According to CNBC, the company would now prioritize home loans for current bank and wealth management clients, as well as borrowers in minority neighborhoods, as opposed to its earlier objective of reaching as many Americans as possible.

Since joining Wells Fargo in late 2019, it is the CEO Charlie Scharf's most recent and possibly most important strategic move. Around 71% of the $16.5 trillion in total household balances, or the largest category of debt owned by Americans, make up mortgages

Wells Fargo took pride in its large share of home loans under Scharf's predecessors - it was the country's top lender as recently as 2019, with $201.8 billion in volume, according to industry newsletter Inside Mortgage Finance.

The decision was influenced by two factors: a loan market that has plummeted since the Federal Reserve began rising rates last year, and concerns about the business's long-term profitability, according to consumer lending chief Kleber Santos. Over the last decade, regulators have increased regulation of mortgage lending, and Wells Fargo has been under more scrutiny following its 2016 fake accounts scandal.

"We are acutely aware of Wells Fargo's history since 2016 and the work we need to do to restore public confidence," Santos told CNBC. "As part of that review, we determined that our home-lending business was too large, both in terms of overall size and its scope."

Executives admitted that the change will also lead to a new round of layoffs for the bank's mortgage operations, although they would not say just how many employees would be lost. As sales decreased last year, thousands of mortgage employees were fired or departed the company.

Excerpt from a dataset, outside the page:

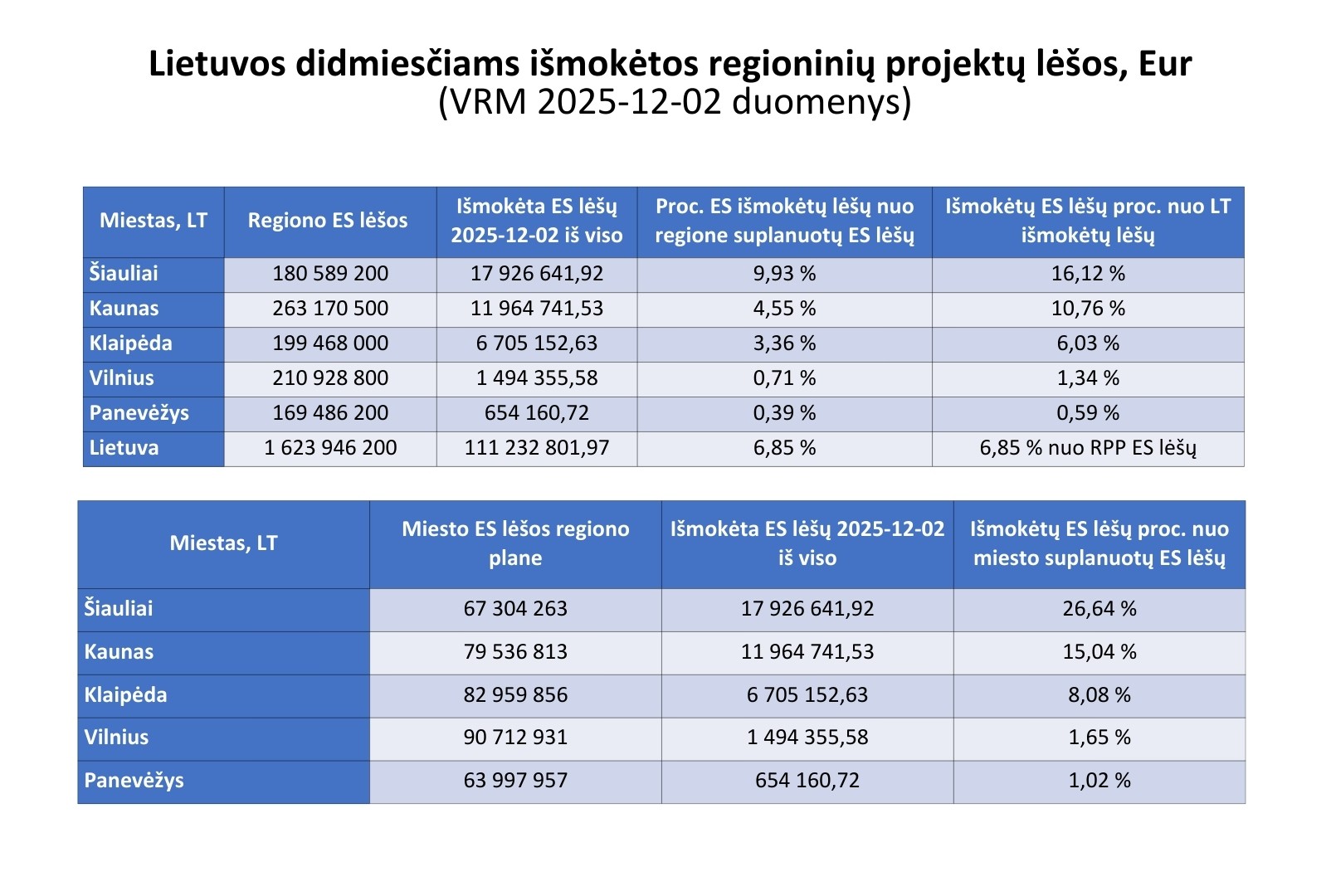 Šiaulių regionas Lietuvoje išsiskiria ne tik sudarytų sutarčių skaičiumi, bet ir įgyvendinamų darbų tempu. Pagal projektų vykdytojams išmokėtas Europos Sąjungos lėšas Šiauliai yra tarp lyderių tiek tarp regionų, tiek visų didžiųjų Lietuvos miestų kontekste.

According to Santos, Wells Fargo is also selling off assets in order to "significantly" reduce the size of its mortgage-servicing portfolio in addition to closing down its correspondent business, which purchased loans issued by independent lenders.

For San Francisco-based Wells Fargo, the correspondence channel represents a sizable revenue stream that grew greater as total loan activity declined last year. The bank said in October that correspondent loans made up 42% of the $21.5 billion in loans it originated in the third quarter.

Depending on the state of the market, Santos estimated that the transfer of mortgage-servicing rights to other industry players would take at least several quarters to complete.

As of the third quarter, Wells Fargo had approximately $1 trillion in loans, or 7.3% of the market, making it the largest U.S. mortgage servicer in terms of collecting payments from borrowers.